Reuters: Iran's attempted satellite launch was a failure that fell far short of claimed successes, U.S. security officials said on Tuesday, but an analyst said the test still marked progress toward a potential weapon.
By Randall Mikkelsen
WASHINGTON (Reuters) – Iran's attempted satellite launch was a failure that fell far short of claimed successes, U.S. security officials said on Tuesday, but an analyst said the test still marked progress toward a potential weapon.
"The attempted launch failed," a U.S. intelligence official told Reuters, speaking on condition of anonymity.
"The vehicle failed shortly after liftoff and in no way reached its intended position," the official said. "It could be characterized as a dramatic failure."
A U.S. defense official gave a similar characterization of the test as unsuccessful.

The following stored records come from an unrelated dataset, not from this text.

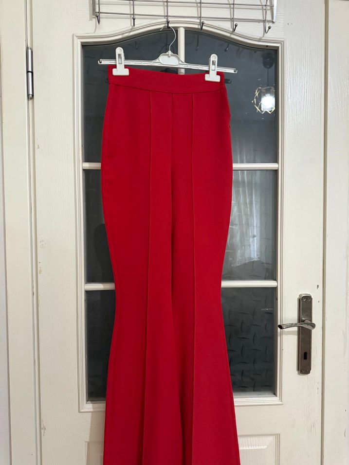 Kadın Kırmızı Piliseli Kumaş Pantolon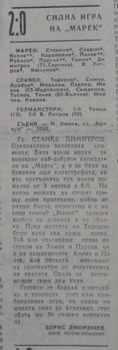 «Марек» Станке-Димитров - АФД Сливен - 2:0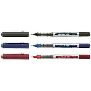 Caneta rollerball com ponta de aço tungstênio que permite uma escrita rápida e menor atrito sobre o papel.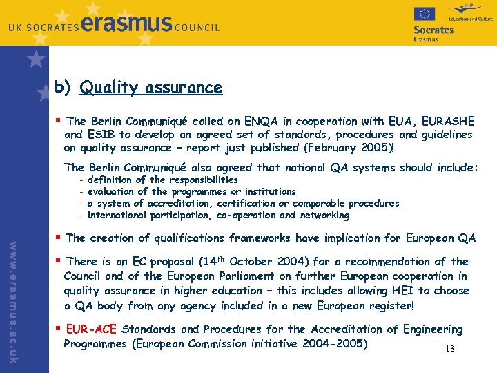 a) Qualifications frameworks § First Copenhagen Conferences: Qualification Structures in Higher Education (March 2003) European § BFUG working group appointed (March 2004) to work on QF and EQF § Second Copenhagen Conference report recommends a framework for qualifications in the EHEA (January 2005) - proposes ‘new style’ national qualifications frameworks that employ external reference points: levels, level indicators, learning outcomes, qualification descriptors (output-focused tools) - An overarching framework of qualifications is also outlined: a framework of frameworks, an articulation mechanism between national frameworks that provides a common set of cycle descriptors § The EC established (November 2004) an expert ‘welding group’ to link Bruges-Copenhagen process (VET) to the Bologna Process (HE) - to create a credit-based framework for lifelong learning – an EQF - a meta framework! 12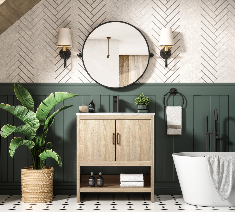 A natural wood-inspired finish adds warmth and texture to your bathroom.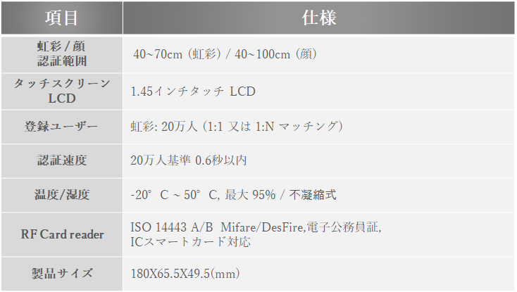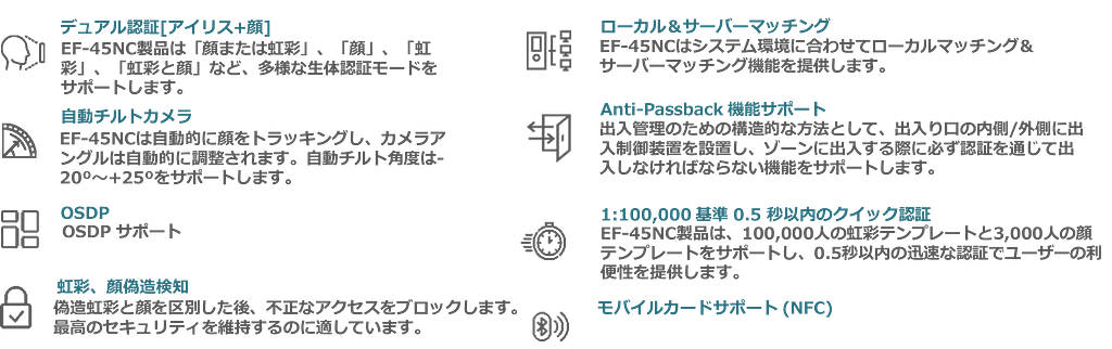 EF-45NC虹彩/顔認証をサポートする製品です。シングルモデルで世界で最も売れた商品です。二重認証ソリューション製品で、30-45CMの距離で虹彩/顔を素早く二重認証し、直感的なユーザーインターフェースでユーザーが簡単かつ便利に使用できます。 100,000人のユーザーを保存でき、1:Nモードで100,000人のユーザー基準で0.5秒の認証速度を誇ります。

But Charles Vick, a senior analyst for GlobalSecurity.org research group, said Iran appeared to have succeeded in igniting the second stage of its booster rocket and gained data that will help it perfect its launch system. The technology could also be used to develop a rocket capable of carrying nuclear weapons that could strike Europe or China, he said.
He based his assessments of the test on photographs, public reporting and earlier analyses.
"They're not there yet and that's to be expected but this is a step forward that has implications strategically," Vick said.
Iran, embroiled in a standoff with the West over its nuclear ambitions, said on Sunday it has put a dummy satellite into orbit on a home-grown rocket for the first time.
Iran denies Western accusations that it is developing nuclear weapons and says that it seeks nuclear technology to generate electricity.
Iranian television showed the rocket on its launch pad but did not show the actual lift-off.
Iran gave no description of the satellite's orbit, an indication it did not reach orbit but failed some time earlier, Vick said.
"The failed launch shows that the purported Iranian space program is in its nascent stages at best — they have a long way to go," the U.S. intelligence official said.
The test follows what appeared to be an unannounced test failure of the same Safir vehicle in February, Vick said. That was followed on the same day by the successful launch of another rocket in its space program.
The White House has called on Iran to stop testing ballistic missiles.
"The Iranian development and testing of rockets is troubling and raises further questions about their intentions," White House spokesman Gordon Johndroe said on Sunday.
The latest Iranian test was observed from a U.S. ship somewhere in the Gulf region and was headed toward the Indian Ocean, Vick said. He said the second stage ignited before another failure brought the rocket down — a step forward from the February test. Where it came down was unclear.
Vick said he had earlier identified seven flaws in the rocket design, which he declined to specify, and just one of them appeared clearly to have been fixed in the latest test. However, it appeared the dummy satellite was a flight-recorder box that sent back information to the launch officials.
"What Iran has said, in effect, they understand what went wrong from the telemetry dump that took place."
"That will probably key them into some of the issues of the design flaws," he said.
Despite the setback, Iran appeared within "reasonable striking distance" of meeting a previously stated goal of putting a domestically made research satellite into orbit by next March, Vick said.
Another U.S. official noted that the United States, China, the Soviet Union and India had all experienced launch failures on the way to successful space technology development.
"It does telegraph a message about their ability, even if it's on a very limited basis, to marshal a technology to produce a result," said the official.